In addition to JAZ proteins, MYC2 has emerged as a master regulator of most aspects of the JA signalling pathway in Arabidopsis (Kazan and Manners, 2013). MYC3 and MYC4 are the closest homologues of MYC2, and were recently identified as targets of JAZ repressors and act additively with MYC2 in regulating the JA-dependent transcriptional response (Fernandez-Calvo et al., 2011; Niu et al., 2011). Most JAZ proteins—including JAZ7—interact with MYC2, MYC3, and/or MYC4 (Fernandez-Calvo et al., 2011; Schweizer et al., 2013). Furthermore, the MYC transcription factors MYC2, MYC3, and MYC4 regulate glucosinolate (GS) biosynthesis, insect performance, and feeding behaviour. MYC2 interacts with the G-box and related sequences, and controls genes activated by JA. A previous study showed that MYC2 binds directly to the promoter of several GS biosynthesis genes in vivo (Schweizer et al., 2013). Recent studies have indicated that MYC transcription factors (MYC2, MYC3, and MYC4) are short-lived proteins degraded by the proteasome in darkness (including shade conditions) and stabilized by light and JA. MYC2 protein stability is regulated by phosphorylation-coupled proteolysis through the proteosome (Zhai et al., 2013; Chico et al., 2014). In addition, MYCs are required for JA-mediated defences against the necrotrophic pathogen Botrytis cinerea and for the shade-triggered increased susceptibility (Chico et al., 2014). In contrast to MYCs, simulated shade conditions stabilize seven of the ten JAZ repressors and reduce their degradation by JA. Despite the progress, it is still unclear how JAZ proteins interact with MYCs to signal leaf senescence or other processes.
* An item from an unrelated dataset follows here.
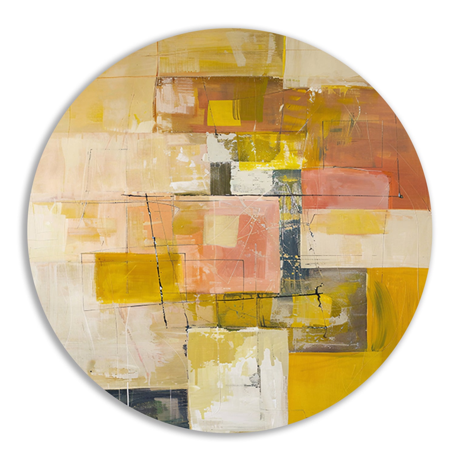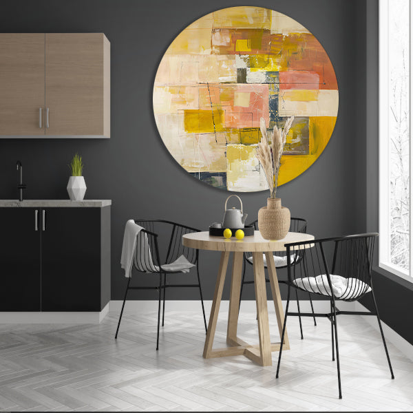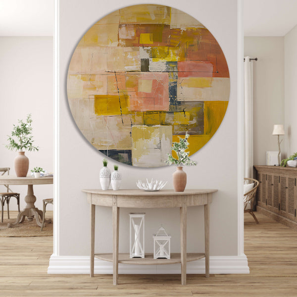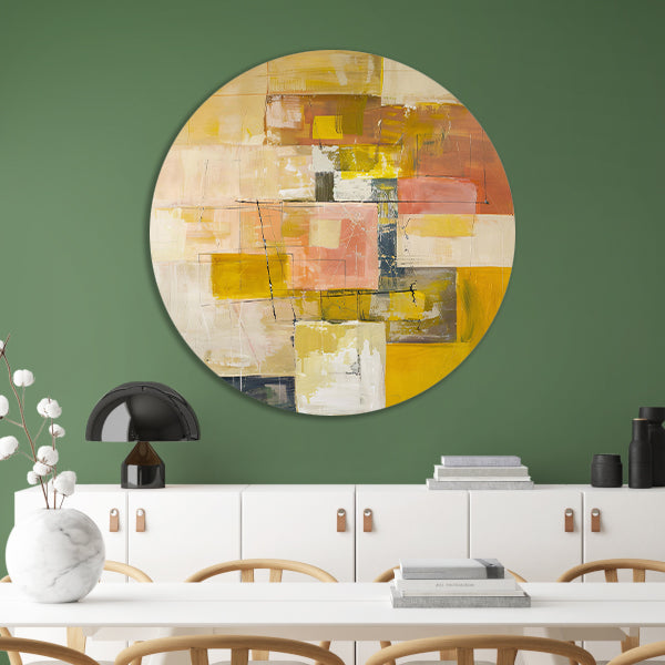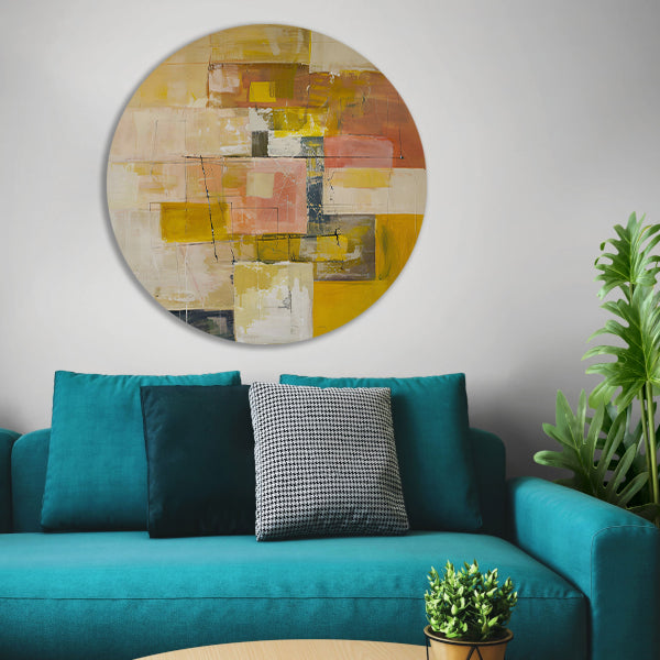 Geometrische abstractie in zachte kleurtonen aluminium muurcirkel

In this study, we integrated a systems biology approach with a classic genetics study to identify JAZ7 involvement in dark-induced leaf senescence. The JAZ7 gene was significantly up-regulated during darkness. Further analysis of mutant phenotypes for the JAZ family genes revealed that a knockout mutant of JAZ7 resulted in severe leaf senescence under dark treatment. Unlike other JAZ genes, very limited information is available for the functions of JAZ7. Genetic analysis showed that JAZ7 is very important for dark-induced leaf senescence. The dark-induced leaf senescence phenotype could be rescued in the JAZ7-complemented and -overexpression lines. Further genetic analysis showed that JAZ7 interacted with COI1 and/or MYC2 to regulate dark-induced leaf senescence. We further conducted transcriptomic analysis to dissect the molecular and systems mechanisms underlying the JAZ7-mediated dark-induced leaf senescence.
Materials and methods
Plant materials and growth conditions
Arabidopsis thaliana (Col-0, jaz7 mutant line, JAZ7-complemented line 35S::JAZ7/jaz7, and JAZ7-overexpression line 35S::JAZ7/WT, as well as other mutant lines) seeds were surface sterilized and sown on half-strength Murashige and Skoog (MS) medium with 0.8% agar in Petri plates. The seeds were stratified for 3 d at 4 °C and then transferred to a conditioning chamber with a circadian cycle of 16h of light (22 °C) and 8h of darkness (19 °C). The Arabidopsis seedlings were transferred to soil 10 d after germination.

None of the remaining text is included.